Transmissions

It's the Geekiest Place on Earth, But We've Learned Nothing

by Dragorn

I've been feeling nostalgic of late.

Fourteen years ago (wow, I guess that makes me old?), I went to Disney as a trip just before leaving for college.  At Epcot, they had an exhibit of... the Internet!

A shocking and usual experience for most of the visitors, I'm sure.  But, being a savvy teenager with a modem, I was already used to the wonders of the mid-nineties web (horrible color schemes, "under construction" icons, and animated GIFs, as I recall).  Disney had a link that was a bit faster than my 2 kbps modem though, which was nice.

There had just been talk of someone making an emulator that actually let you play Super Nintendo games on a PC.  I doubt my 25 MHz system could have handled it, but it was a pretty mind-blowing idea.

Soon I'll be going back to Disney for my honeymoon.

This time I've got a Super Nintendo emulator on my phone, a technology which I suppose existed then, but wasn't even on my radar since no one I knew was important enough to have a suitcase phone in their convertible (in my mind, anyone with one of those automatically becomes Miami Vice).  I've got 600 times more storage than my combined hard drives at the time.

We've got a lot of flashy toys now, but it also makes me realize in a lot of important ways, we've solved almost nothing about one of the most important aspects of the user experience: how not to get owned.

Even worse, everyone is online now.  What haven't we solved?

Plaintext everywhere.  We've gone from "Telnet is fine" to "You should use SSH" but we're nowhere near the point where all of our communication lines are protected.  I'm not even sure we could confidently say the majority of our communication is protected.  Let's not even address questions about the stability of the SSL trust model or user behavior.  (Firefox trusts how many authorities, any of which could be colluding or simply have been hacked to issue certificates for any domain?)  Twitter is just beginning to roll out SSL-by-default.  Email clients still tend to default to plaintext.  Android has an option to blindly accept any SSL cert without asking, even if it's not valid.  Who knows how many software packages update in the background over plaintext?

Cellphone interception.  "Don't use your mobile near New York City - it'll get cloned."  Instead of protecting cell phones with properly strong encryption and authentication, we've protected them with... legislation.  GSM makes some attempts at protecting the device, but it's been defeated, and defeated for less than $2000 (USRP - look it up).  If you ever trusted the cell network, you probably can't anymore in a lot of cases.  The panic over a possible hostile cell network at the latest DEFCON should wake up anyone who still had any illusions over GSM security; even if the claims are bogus (and they strike me as highly questionable), there's enough truth to the risk to be really scary.
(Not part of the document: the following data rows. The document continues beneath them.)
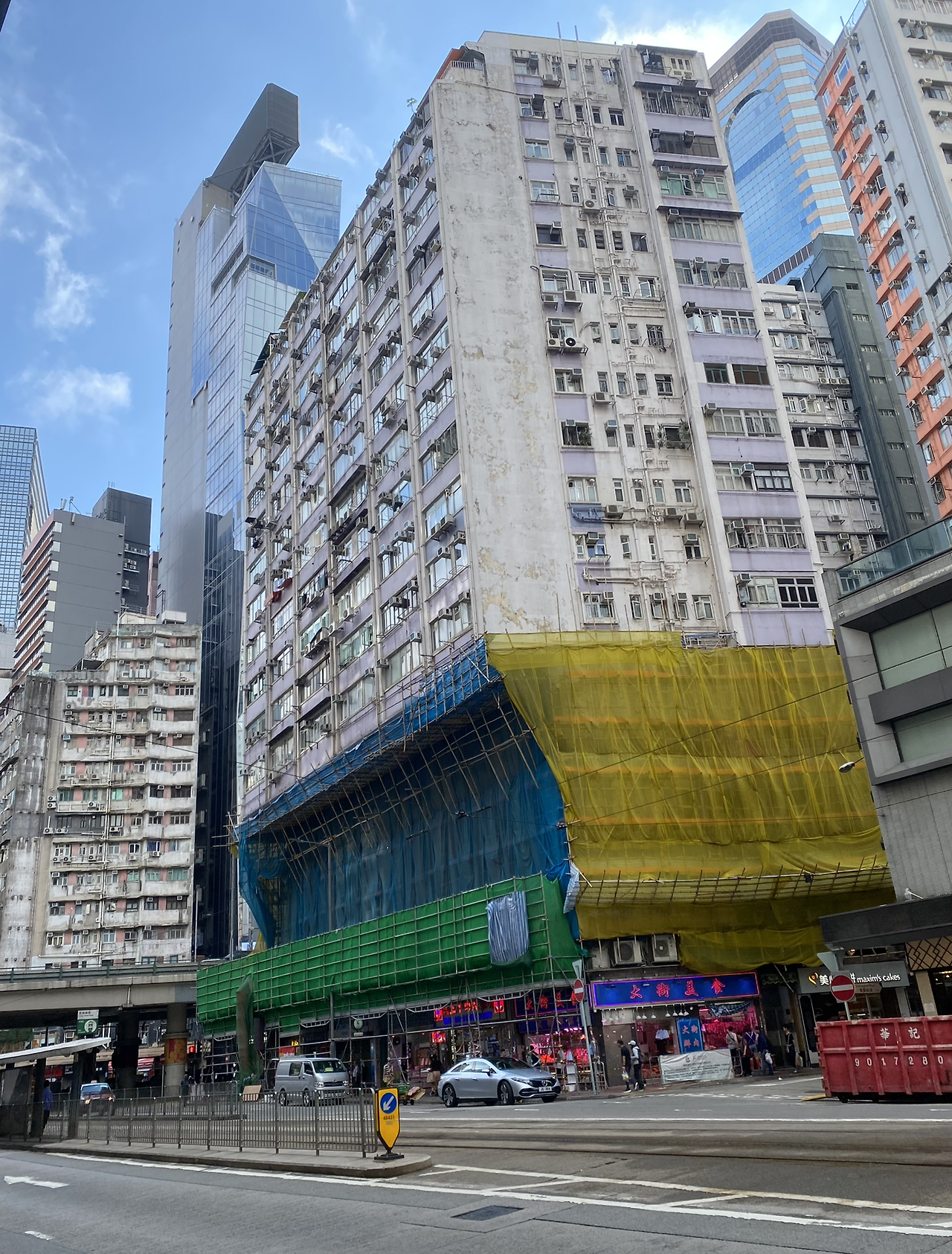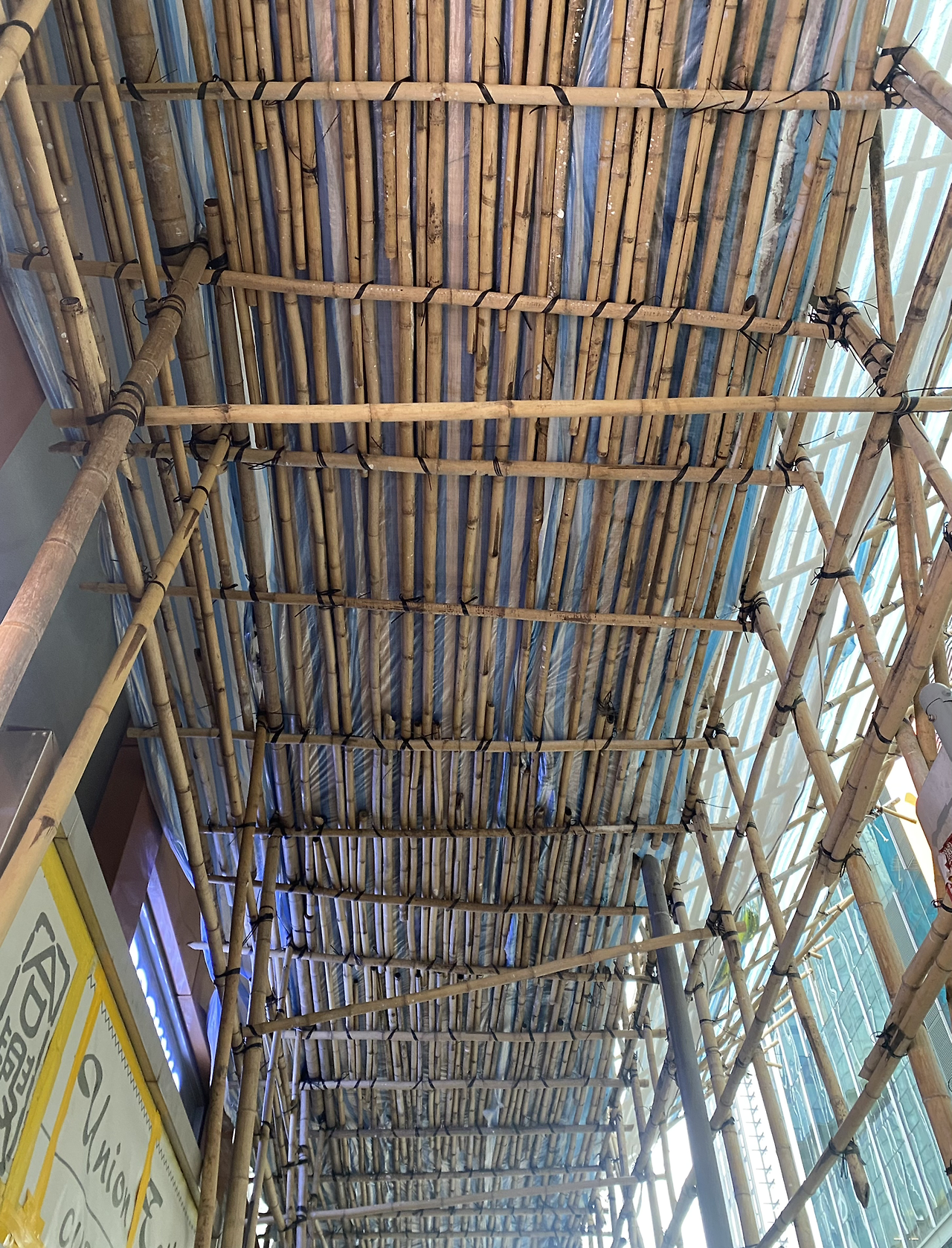 둘째 날 아침을 먹으러 차찬텡으로 향하면서 건물에 둘러친 비계를 보았다. 죽붕이라 불리는 대나무 비계였다. 홍콩 건축을 대표하는 것 중 하나인 이 대나무 비계는 자격증으로 공인받은 비계 직공들에 의해 단시간에 구축되는 걸로 유명하다. 이젠 중국에서도 안전상 문제로 사용하지 않고 오직 홍콩에서만 볼 수 있다는데 실제 보니 대나무의 경량과 탄력, 친환경적 요소보다 구축된 짜임에서 오는 질감이 오히려 매력적이었다. 약 7년간 재사용이 가능하고 홍콩에선 값싼 자재라 활용도가 높다지만 높은 탄성만큼 흔들리는 불안정적 요소가 인부들에게 과연 안전할까란 생각 또한 들었다.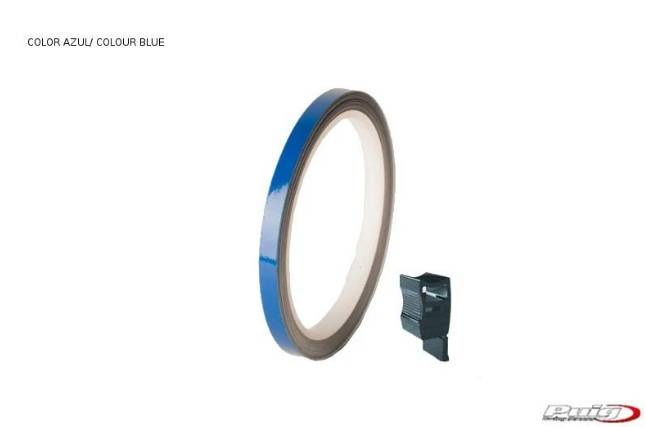 Jednolity pasek na felgi PUIG o szerokości 7 mm. W zestawie aplikator aplikator ułatwiający przyklejenie do felgi.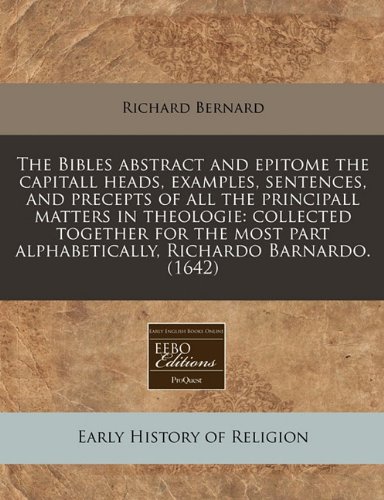 The Bibles abstract and epitome the capitall heads, examples, sentences, and precepts of all the principall matters in theologie: collected together ... alphabetically, Richardo Barnardo. (1642) Review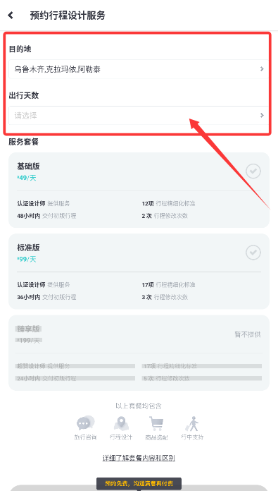 4、填寫出行日期、人數(shù)等需求,選擇合適方案后提交預(yù)約申請(qǐng)。

Redundancy.  The Slashdot effect used to take out any server hosting a project featured.  Now we wait for the cloud services to do that for us when they fall down and take out hundreds or thousands of sites across the net.  When the Amazon cloud stumbled this spring, thousands of sites stopped working properly, or entirely.  We've decentralized content to centralized providers.  What are we thinking?

User education.  Your parents probably didn't know what "untrusted certificate" meant in the 1990s, and they probably still don't know now.  Security is hard, but it seems like we haven't made a lot of progress towards making it any better.  People just want to get to content and tend to accept anything in the hopes the problem will go away.

More aggravatingly, we've actually gone backwards in security.  Increased complexity and tacked-on features make previously simple applications like email a hotbed of vulnerabilities.  Hoax emails in the 1990s claiming to infect you simply by reading an email became completely plausible thanks to bugs in Exchange and other clients

We're going in the wrong direction, and it seems like a responsibility for all of us to try to reverse this trend:

Error messages need to be concise.  The "correct" decision needs to be obvious to novice users.  Flooding the user UAP-style isn't going to help, and giving no control other than "access to do anything as root" or "no access" probably isn't the answer either.

Stop having buffer overflows.  Seriously.  Stop it.  It's not that hard to bounds check.  Stop writing Wi-Fi drivers which assume that because the spec says 32 characters, you'd never see a packet with more.  Just stop.

Use encryption.  Use it.  Use it for everything your application does.  Crypto is cheap on today's computers.

Don't homebrew encryption.  You'll almost definitely do it wrong.

Time to finish preparing for a week of child robot simulacrum performing slave labor.  I think I'll try to avoid even bringing a laptop.

I can play SNES on my phone just fine.